Don't improvise chain config or parent-chain RPC values. Use Robinhood Chain's official node-operator instructions for those — this guide only covers the (verified) snapshot restore workflow.
Step 5 — Confirm your node is actually in sync
Once your node is running, cross-check its block height against Robinhood Chain's public RPC and Blockscout explorer — they should track closely once your node finishes catching up from the snapshot's timestamp to the present:
curl -s -X POST http://localhost:8547 \
-H "Content-Type: application/json" \
-d '{"jsonrpc":"2.0","method":"eth_blockNumber","params":[],"id":1}'Compare the result against the same call against https://rpc.mainnet.chain.robinhood.com, or simply check the latest block shown on the block explorer.
Why you might still want your own long-lived archive
Titan Snapshots only retains the 3 most recent daily snapshots. If you need a specific historical state older than that window, you need to either already be running your own archive node or fetch that day's snapshot before it's pruned.
Risks and limitations
- A snapshot reflects chain state as of its generation timestamp, not the live tip — your node still has to sync the remaining blocks after restoring it.
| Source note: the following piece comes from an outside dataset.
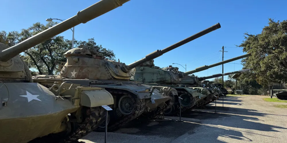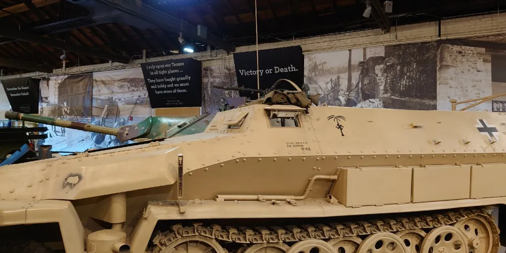 TexasMilitaryForcesMuseum是美軍駐軍的一個展示館,館內陳列着很多軍事裝備。
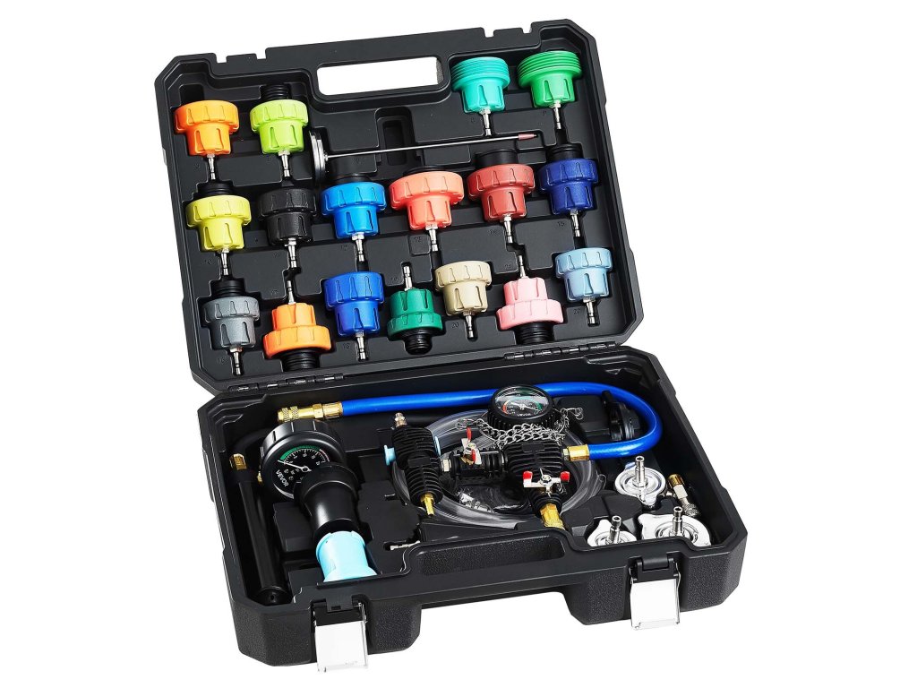 Hűtőrendszer nyomásmérő 47 db, 3 fém adapter, szivattyú

- Always verify the published .sha256 checksum before trusting a downloaded archive, even from a Titan-operated service.
- An archive node needs meaningfully more disk than a non-archive node and grows over time; plan storage accordingly.
- Snapshot filenames, retention windows, and exact verification commands can change — treat this guide as a map of the process, and defer to the live pages at snapshot.titandeployer.com for current specifics.
- This guide does not cover parent-chain RPC selection or Nitro launch flags, since guessing those wrong for a production chain is worse than not documenting them at all.